» **WORK REQUIRED**:
Unless it is a picture, every line from the start of the entries through the line with "Foto 10. Cultivo en proceso de floración." must be retyped exactly.

Records contained in a dataset
+-------+

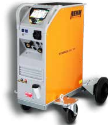
SYNERGIC.ARC 304-504 W
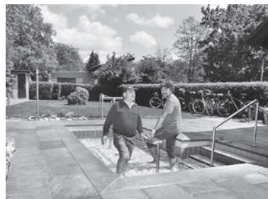
Der Kneippverein lädt zum Kneippen ein.

Die After Work Sessions finden immer freitags (außer in den Pfingstferien) um 18 Uhr auf dem Kiesplatz statt. Den Sommer über steht dort eine Bühne, auf der die Gäste mit einem vielfältigen Programm begrüßt werden.
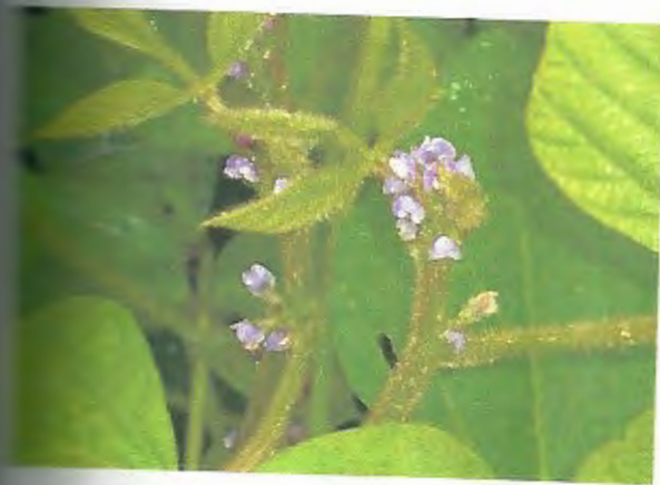
Foto 10. Cultivo en proceso de floración.
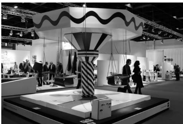
Slika 1. Detalj sajma IMM Cologne/LivingInteriors

Ove je godine na sajmu prezentirana multiizražajnost i različitost u razinama predstavljanja i u kvaliteti proizvoda. Prema posljednjim podacima za novinare (press release), izjava direktora IMM-a nadasve je optimistična za 2014. glede trgovine namještajem. Pozitivni učinci sajma itekako će utjecati na buduću potražnju, što se već moglo vidjeti po razini posjećenosti na većini izlagačkih štandova (sl. 2).
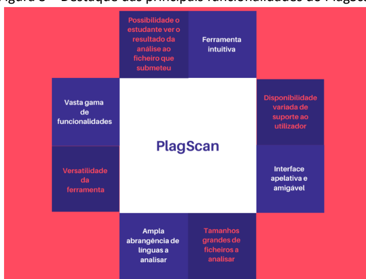
Figura 3 – Destaque das principais funcionalidades do PlagScan

Primeiramente, o PlagScan é uma ferramenta bastante intuitiva, com uma interface apelativa e amigável, tendo ao seu dispor uma vasta gama de funcionalidades que a fazem destacar em relação a outras ferramentas de deteção de plágio. De seguida, iremos sintetizar algumas das suas principais funcionalidades, destacadas na Figura 3.
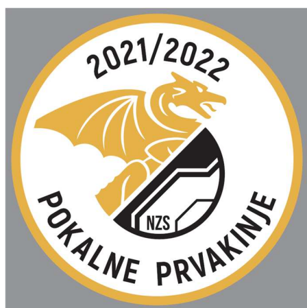
Našitek pokalnih prvakov

Zmagovalna ekipa Pokala Pivovarna Union iz pretekle sezone bo pred pričetkom posamezne sezone prejela našitke za drese, ki se nosijo na sredini na sprednji strani dresa. Našitki se lahko nosijo na vseh dresih, ki so v uporabi v posamezni tekmovalni sezoni.
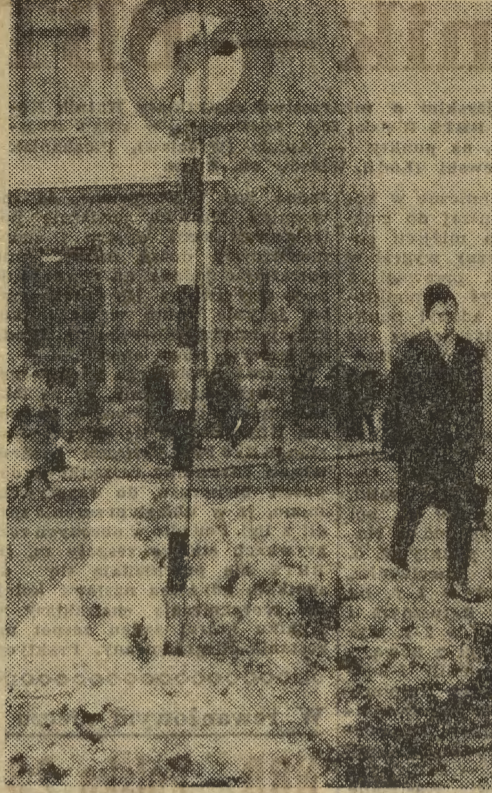
MPO liczyło wi- docznie na od- wili, spodziewa- jąc się, że ta wymiecie rady- kalnie zwal- ńnięgu z ulic miasta. Tymcza- sem śnieg zmie- nia się sukcesy- wnie w błoto, a przejeździe Rynku Gł. równa się przebrnięciu - przez jedną wiel- ką kałużę.

Pralkę, zgodnie ze słabym zapotrzebowaniem rynku, wypro-
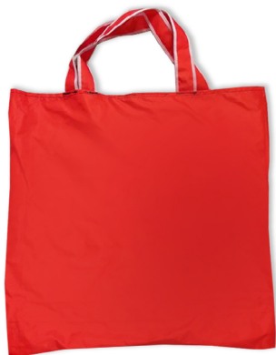
Sacs réalisés par le recyclage de nos anciennes tentes promotionnelles.
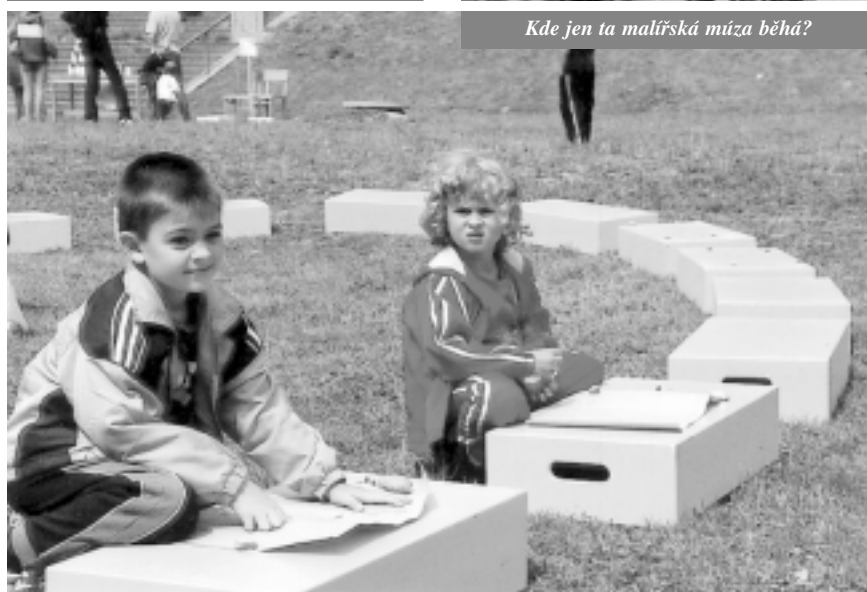
Kde jen ta malířská múza běhá?
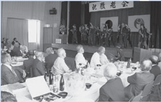
宇出津敬老会での「やっちゃ連」
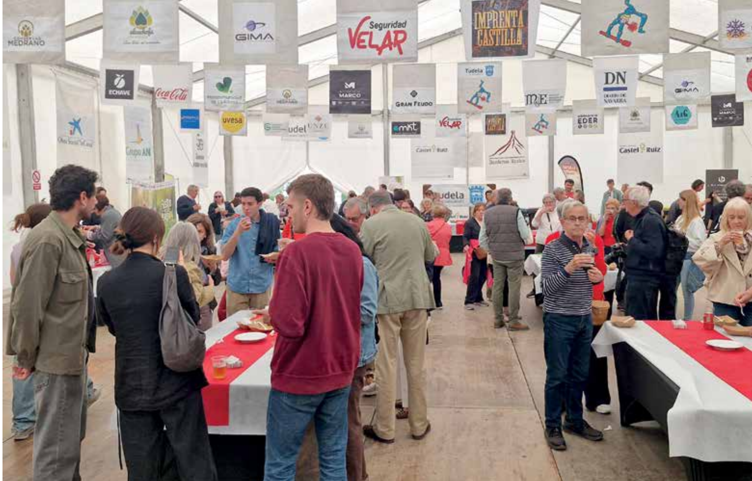
Cerca de 500 personas disfrutaron de espárragos frescos con vinagreta casera
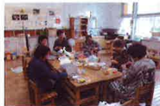
集会所での活動(手芸サークルくろみの会)
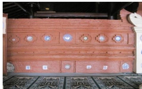
Foto 12. Ornamen pada Dinding Pembatas.

Selain pada pagar tembok atau kuta kosod bagian luar, di bagian dalam terdapat tembok sebagai pembatas antara ruang luar dengan ruangan dalam. Ruangan luar dipakai oleh orang yang shalat setiap hari, sedangkan ruangan dalam hanya dipakai atau dibuka untuk shalat Idul Fitri dan Idul Adha. Pada tembok pembatas terdapat ornamen berupa hiasan piring-piring porselin untuk memperindah suasana dalam masjid tersebut. Piring-piring tersebut merupakan hadiah kaisar Tiongkok kepada Sunan Gunungjati sewaktu beliau menikah dengan putri Ong Tien. Penempatan piring-piring tersebut sebagai ornamen Masjid Merah, menandakan bahwa ajaran Islam tidak menabukan hasil budaya asing.
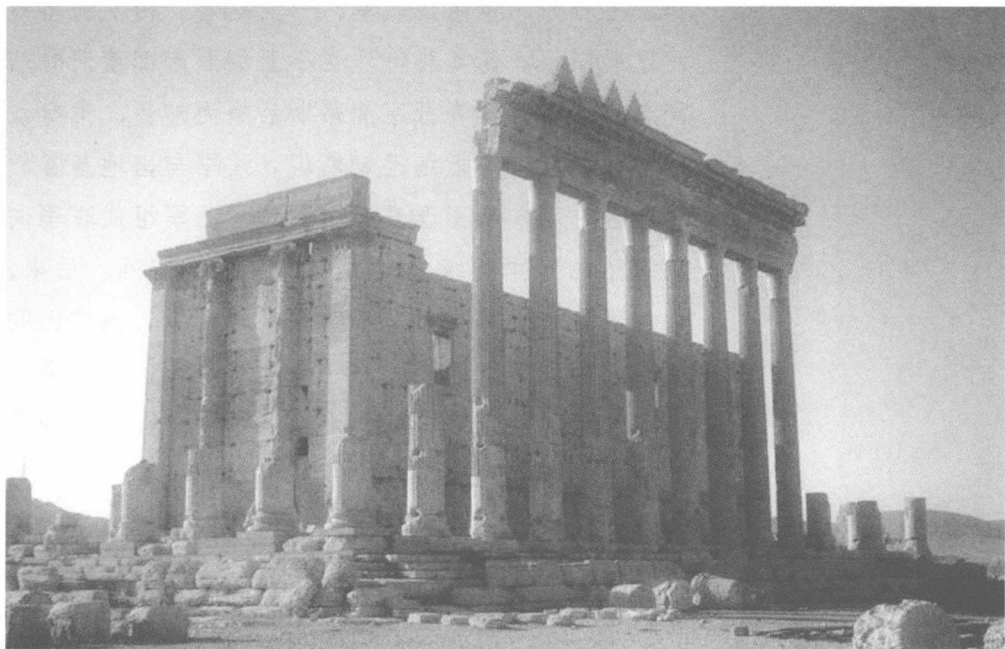
叙利亚帕尔米拉古城遗址 site of Palmyra。

从1096—1291年的近200年期间，欧洲十字军共发动八次东征战役。第一次东征发生在1096—1099年期间。欧洲十字军分四路进攻，最后占领耶路撒冷，杀戮7万人，并效仿法兰西模式建立了耶路撒冷拉丁王国。第二次东征发生在1147—1149年期间。此次东征的目的是为响应耶路撒冷国王的求援要求，旨在杀回被突厥军队收复的埃德萨地
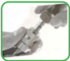
5. Installatie van een multifunctionele sprinkler
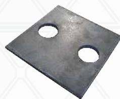
CHAPA 1/4X150X150MM (contra Flecha)
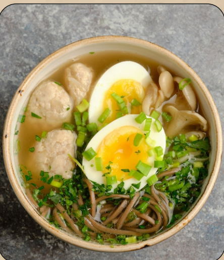
КУРИНЫЙ БУЛЬОН С ГРЕЧЕВОЙ ЛАПШОЙ И ФРИКАДЕЛЬКАМИ / CHICKEN BROTH WITH BUCKWHEAT NOODLES AND MEATBALLS → 510 P
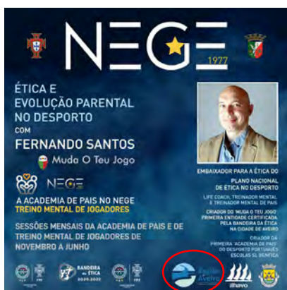
NEGE - Novo Estrela Gafanha da Encarnação NEGE - 3.º ESTRELITA CUP (TORNEIO INT. FUTEBOL FEMININO) / SEMINÁRIO NEGE FUTEBOL+ (A ÉTICA E EVOLUÇÃO PARENTAL NO DESPORTO)
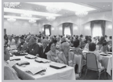
— 富士見ホールでの敬老会 —
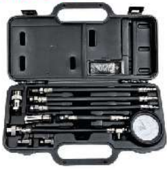
Kit de Compresímetro con Adaptadores HI-EJ1901
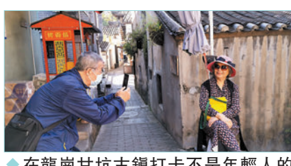
◆在龍崗甘坑古鎮打卡不是年輕人的專利。
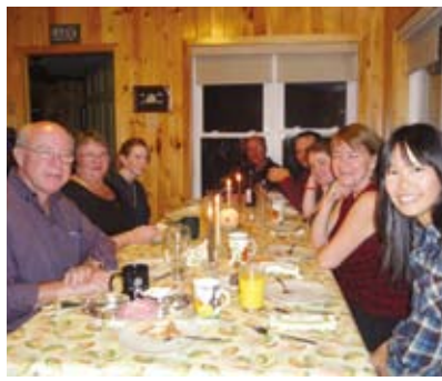
カナダのホームステイ先で。人々との交流から生徒たちは多くを学んで帰国する(滝井高校)

度によって変動があるが、ここ10年の多い年で1300人、少ない年で60人となっている。 大和高校からはオーストラリアへ毎年4人、滝井高校からはオーストラリアとカナダの提携校に毎年6人が3週間から5週間の語学留学をしている。
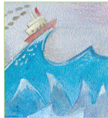
η θάλασσα οι θάλασσες
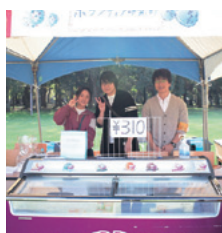
ボランティア研究部
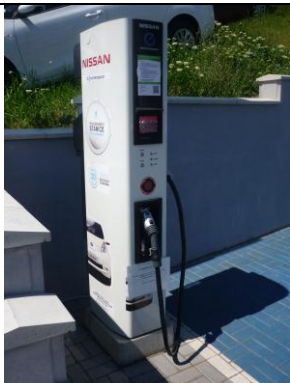
Rychlonabíječka u Autobond Group v Praze – Kolbenově ulici
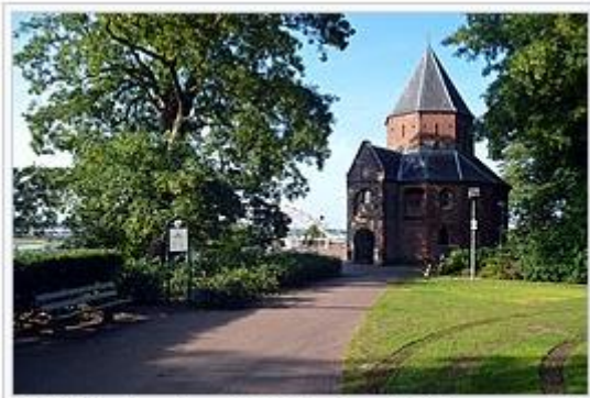
Sint-Nicolaaskapel, Valkhof park Nijmegen

Daarnaast diende een aantal kerken het aanzien van een wereldlijke macht te weerspiegelen, waarvan de Valkhofkapel in Nijmegen en de Sint-Servaaskerk te Maastricht (Duitse keizers) en de Munsterkerk in Roermond (Gelderse hertogen) getuigen.

+-------+

» **SOLUTION FOR THIS EXERCISE**:
SYNERGIC.ARC 304-504 W
Der Kneippverein lädt zum Kneippen ein.

Die After Work Sessions finden immer freitags (außer in den Pfingstferien) um 18 Uhr auf dem Kiesplatz statt. Den Sommer über steht dort eine Bühne, auf der die Gäste mit einem vielfältigen Programm begrüßt werden.
Foto 10. Cultivo en proceso de floración.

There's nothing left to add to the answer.